## DATA EXTRACT
^^^^

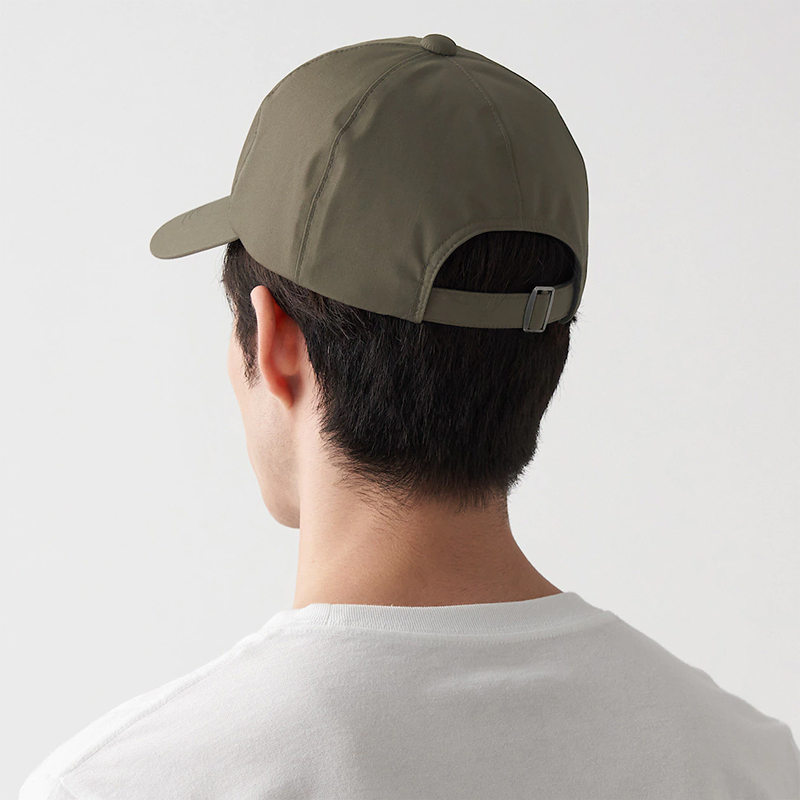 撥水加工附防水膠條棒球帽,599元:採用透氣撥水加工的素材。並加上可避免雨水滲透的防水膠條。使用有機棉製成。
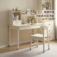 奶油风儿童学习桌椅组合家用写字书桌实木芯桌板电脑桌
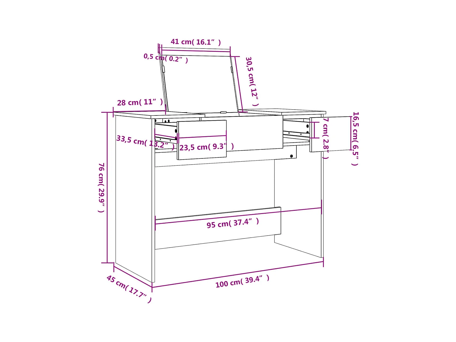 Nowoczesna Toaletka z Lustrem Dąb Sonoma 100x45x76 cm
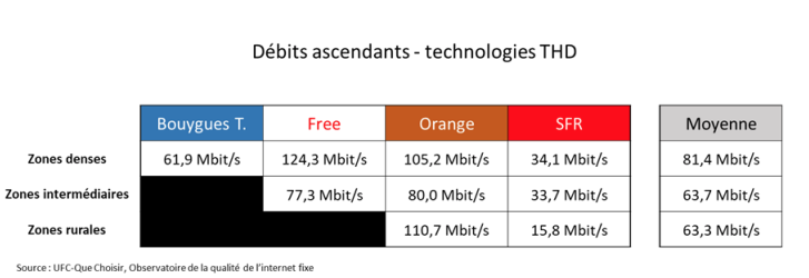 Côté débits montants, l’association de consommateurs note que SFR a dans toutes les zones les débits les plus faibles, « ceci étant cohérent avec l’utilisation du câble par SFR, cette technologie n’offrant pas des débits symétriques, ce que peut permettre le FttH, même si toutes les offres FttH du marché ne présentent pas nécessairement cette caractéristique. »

^^^^

## TASK OBJECTIVE
The whole listing above must be returned exactly as written, with no pictures carried over.

## ANSWER SECTION
 撥水加工附防水膠條棒球帽,599元:採用透氣撥水加工的素材。並加上可避免雨水滲透的防水膠條。使用有機棉製成。
 奶油风儿童学习桌椅组合家用写字书桌实木芯桌板电脑桌
 Nowoczesna Toaletka z Lustrem Dąb Sonoma 100x45x76 cm
 Côté débits montants, l’association de consommateurs note que SFR a dans toutes les zones les débits les plus faibles, « ceci étant cohérent avec l’utilisation du câble par SFR, cette technologie n’offrant pas des débits symétriques, ce que peut permettre le FttH, même si toutes les offres FttH du marché ne présentent pas nécessairement cette caractéristique. »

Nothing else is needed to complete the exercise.